The problem is, buyers need and deserve (honest and realistic) projections of this information before taking a punt on the hotel condo market. This is an issue that many Chicago developers have been skirting around for the better part of two years as they try to sell skeptical Chicagoans on hotel condos. We’ve heard of other developers taking a more circuitous approach, referring would-be buyers to The Peninsula Hotel and asking them to detail their room and occupancy rates – a half-baked approach at best.

For us, the most telling forecasts of a hotel condos investment potential is the words out of most marketing agents mouths, not the marketing materials they thrust at buyers.

A number of agents and industry analysts we’ve interviewed have said quite frankly that buyers likely will not break even for a long time and should consider hotel condos only if they intend to use the property for personal enjoyment and are prepared to wait until it appreciates enough to sell for a decent profit.

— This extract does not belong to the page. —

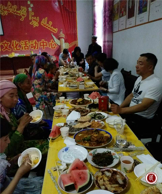 随后,驻村工作队精心为亲戚们准备的一桌桌丰盛大盘鸡、大锅抓饭、大块烤肉,大家围聚在一起,同坐一个长桌,同吃一锅抓饭,同饮一杯美酒,同尝一炉烤肉,伴随着热烈欢快的麦西来甫,边叙边吃话团结、边喝边跳拉家常、边唱边舞聊生活,共同感受各民族大家庭手足相亲、守望相助的深厚感情,共同品味民族团结一家亲的甜蜜果实,共同凝聚起建设大美和谐幸福新疆的强大力量。
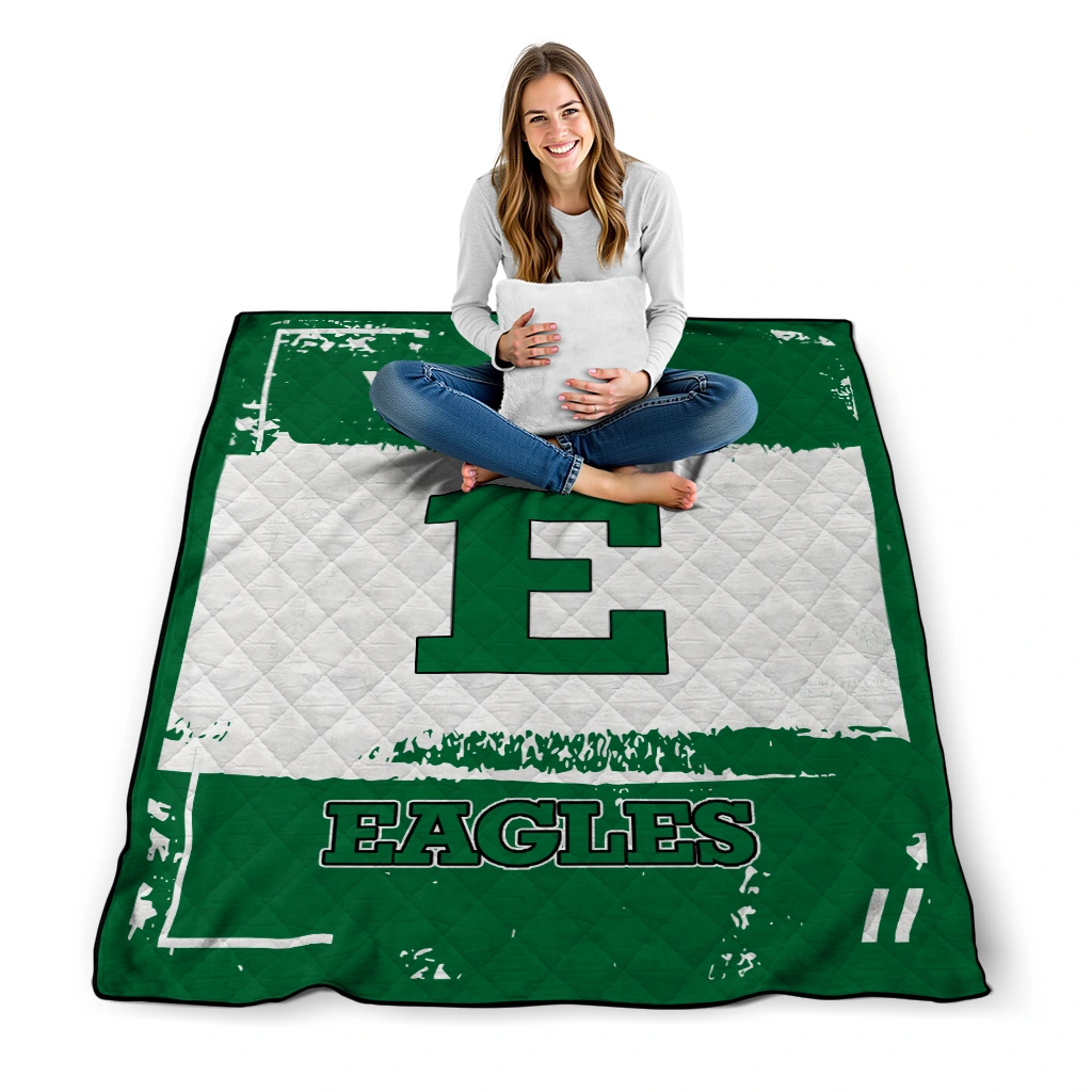 Wrap yourself in warmth and pride with the Personalized Eastern Michigan Eagles Grunge Patch Green White Quilt Blanket from the Eastern Michigan Eagles Blankets collection at Yes That Blanket. Made from 100% premium quilting-weight polyester blended with a touch of microfiber, this quilt offers a smooth, soft finish you’ll love. Choose between two quilting styles—Stipple or Diagonal—and enjoy the comfort of a cotton-filled layer inside that adds extra coziness for every season. The border is available in classic black or white, giving your design a clean, timeless edge.

Our favorite observation on hotel condos from a developer? This quote from Peter Dumon of Oak Brook-based The Harp Group, telling Crain’s that he pulled the plug on a hotel condo project at The Ambassador East because Dumon thought Chicagoans would see that the mortgages, taxes, insurance and maintenance costs of owning a hotel condo outweighed the benefits: “It’s a business that is dependent on a moron buying your unit.”